Hospitals are devoting plenty of resources to the logistics of how they are going to comply with new federal price transparency requirements.1 There also are important ethical implications.
“Several types of billing practices raise ethical issues,” says Katherine Drabiak, JD, an associate professor at USF Health’s College of Public Health and College of Medicine in Tampa.
Surprise billing probably is the most-publicized example.

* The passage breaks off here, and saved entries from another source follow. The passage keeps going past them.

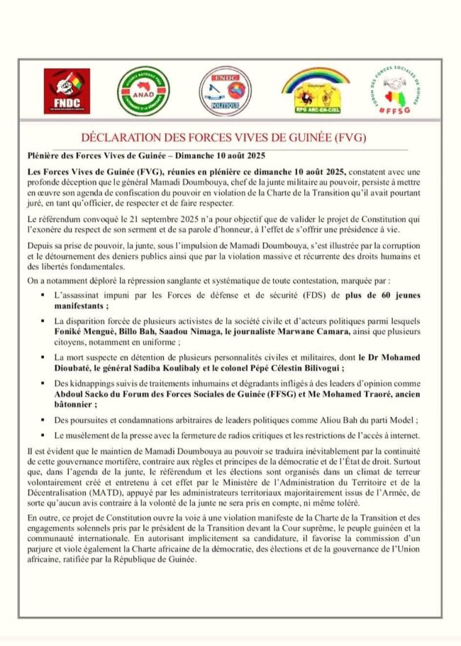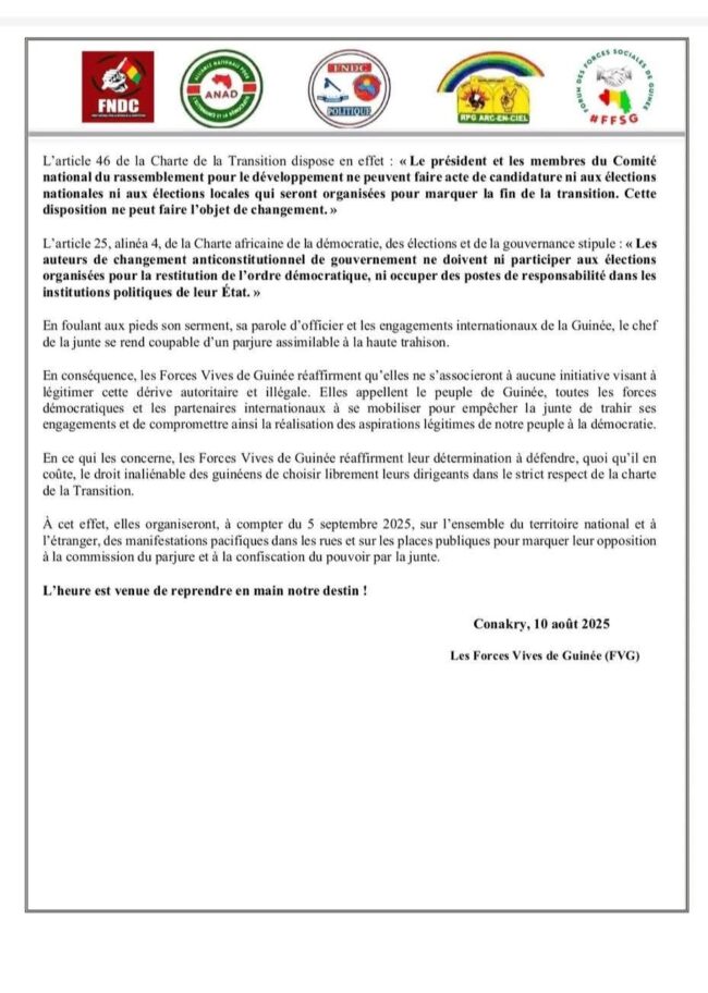 Les forces vives de Guinée passent à la vitesse supérieure. Dimanche 10 août 2025, elles ont tenu une réunion où une décision majeure a été prise : s’opposer à ce qu’elles qualifient de « confiscation du pouvoir » par le général Mamadi Doumbouya, chef de la junte. Les acteurs politiques et sociaux des FVG appellent ainsi les citoyens à manifester pour exiger du président de la transition qu’il respecte ses engagements.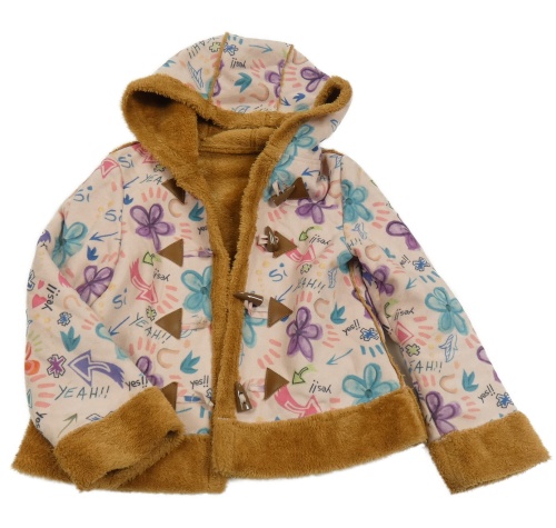 Růžovo-okrový semišový zateplený kabát s květy a kapucí Desigual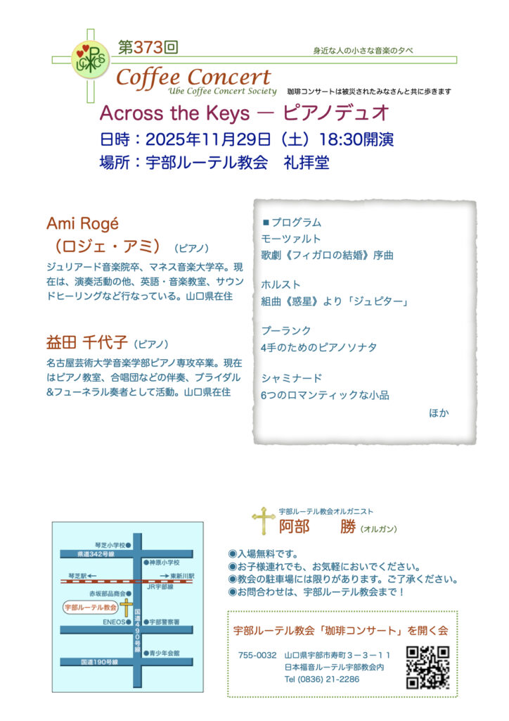 11月の珈琲コンサートは「Across the Keys 」と題してピアノデュオの演奏です。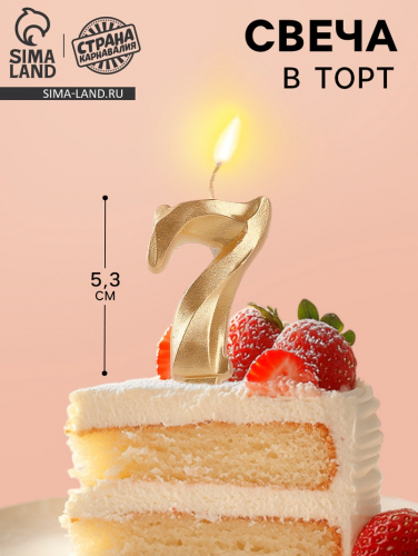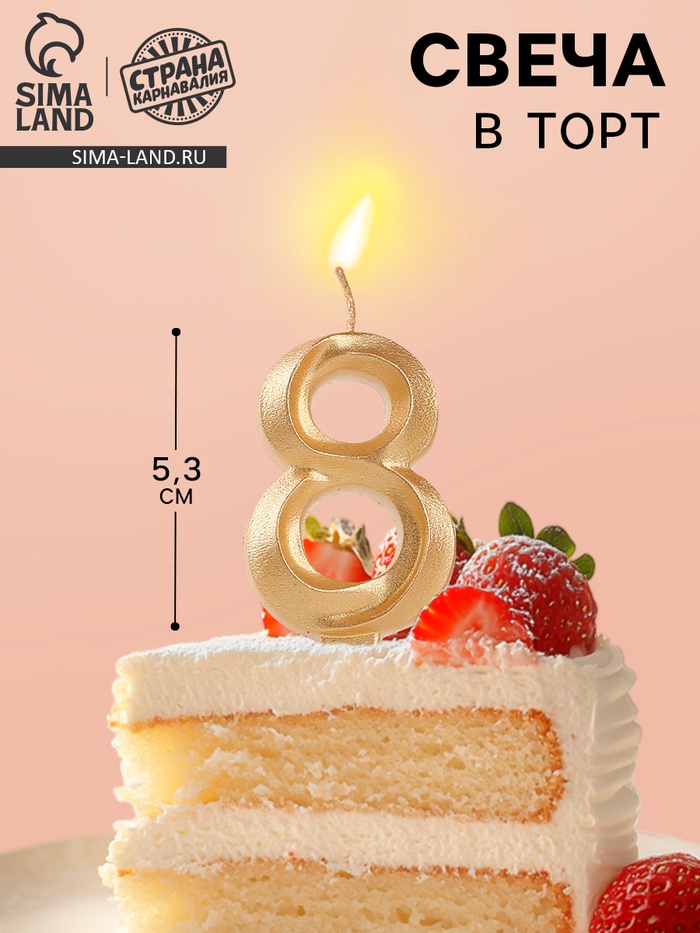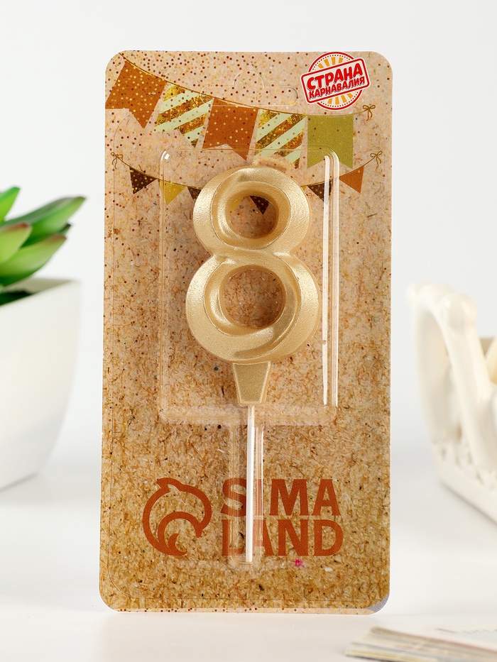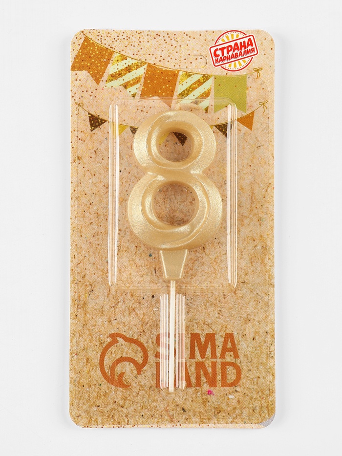Свеча в торт «Театральная», цифра 8, золотой металлик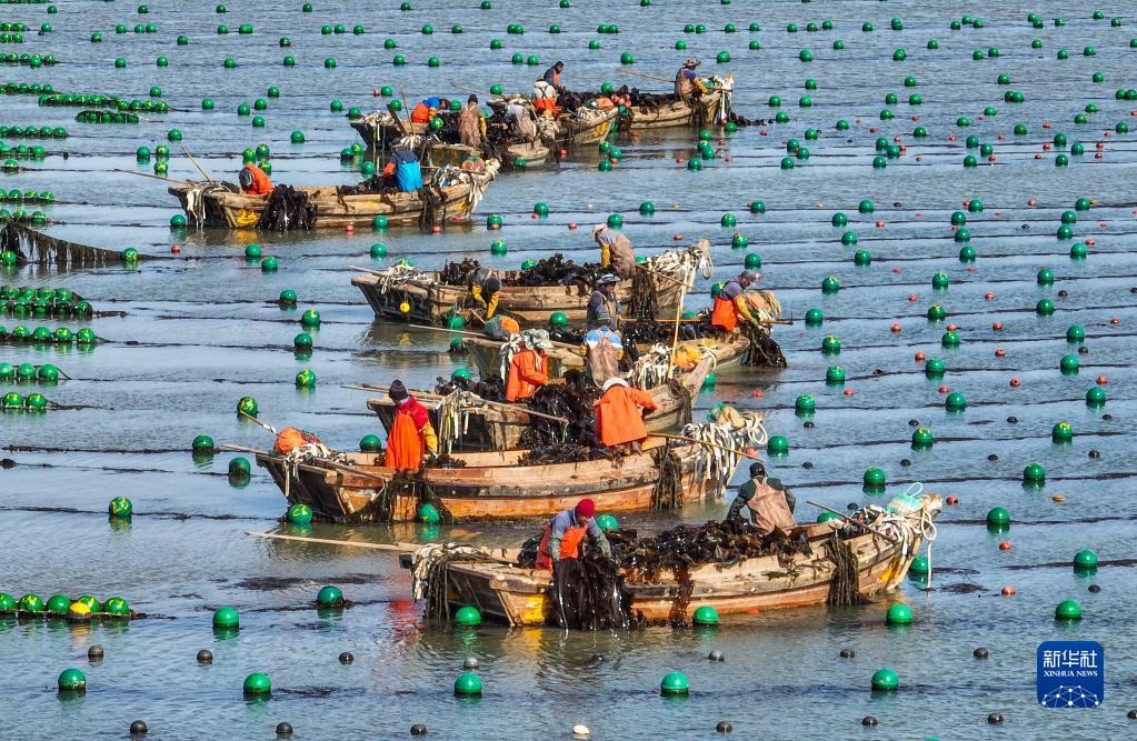 山東省榮成市被譽為“中國海帶之鄉(xiāng)”,海帶年產(chǎn)量43萬噸,其中鹽漬海帶近26萬噸,產(chǎn)品暢銷國內(nèi)外市場。新華社發(fā)(李信君 攝)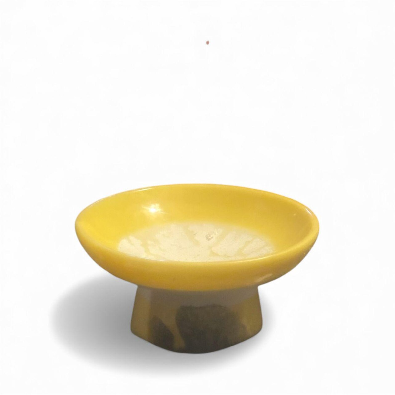 soap dish, pedestal bowl, food safe dish, yellow bowl, jewelry holder, serving dish, bathroom organizer, kitchen bowl, vanity tray, elevated dish, handmade bowl, condiment dish, gift wrapping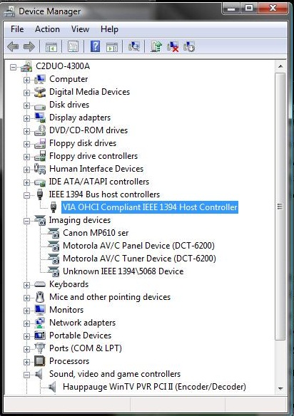 So, if the firewire sockets, plugs, cable and electronics are OK than the video source should appear in any video capture software. Thus far, I only suffered hopeless attempts to my firewire cards work. Amazing that so many other people have similar problems. too.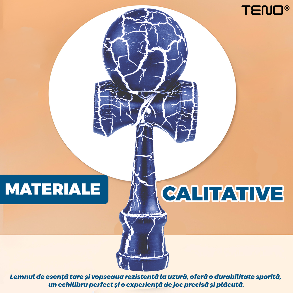 Fabricata din lemn durabil si bine echilibrat, kendama asigura o performanta excelenta si rezistenta la utilizare intensa. Finisajul atent realizat contribuie la o manevrare confortabila si precisa.

This usually happens when a patient visits an in-network hospital but an out-of-network physician handles treatment. “When visiting a physician, patients also expect billing to correspond to the level of care provided,” Drabiak says.
Some patients receive astronomical bills for minor items or services, such as bandages, tetanus shots, or aspirin. “This not only induces patient anxiety, it also raises questions about fair and transparent billing standards,” Drabiak notes.
The price transparency requirements, which took effect Jan. 1, 2021, are an opportunity for hospitals to demonstrate their financial practices are ethical. “Taking this step will increase the hospital’s goodwill in the community,” Drabiak predicts.
Generally, hospital-based physicians are focused on direct patient care as opposed to pricing and billing issues. Facilities really could use staff with insurance expertise to ensure patients are billed in an ethical manner. “Case managers could work in tandem with hospital administrators to assess billing practices and to ensure indigent patients are aware of their rights and payment resources,” Drabiak suggests.
Surprise billing is a major economic burden for some patients. “Such bills often revolve around surgery,” says Peter Angelos, MD, PhD, FACS, the professor of surgery and surgical ethics and associate director of the MacLean Center for Clinical Medical Ethics at The University of Chicago.
Perhaps a patient undergoes emergency surgery at an in-network hospital, but the on-call surgeon is out of network. The patient winds up with an expensive medical bill for the surgeon’s services. In other cases, both the surgeon and the hospital are in network, but not the anesthesiology group.
“The ethical implications of surprise billing are that patients face economic burdens that they had no way of knowing that they would be subject to,” Angelos explains.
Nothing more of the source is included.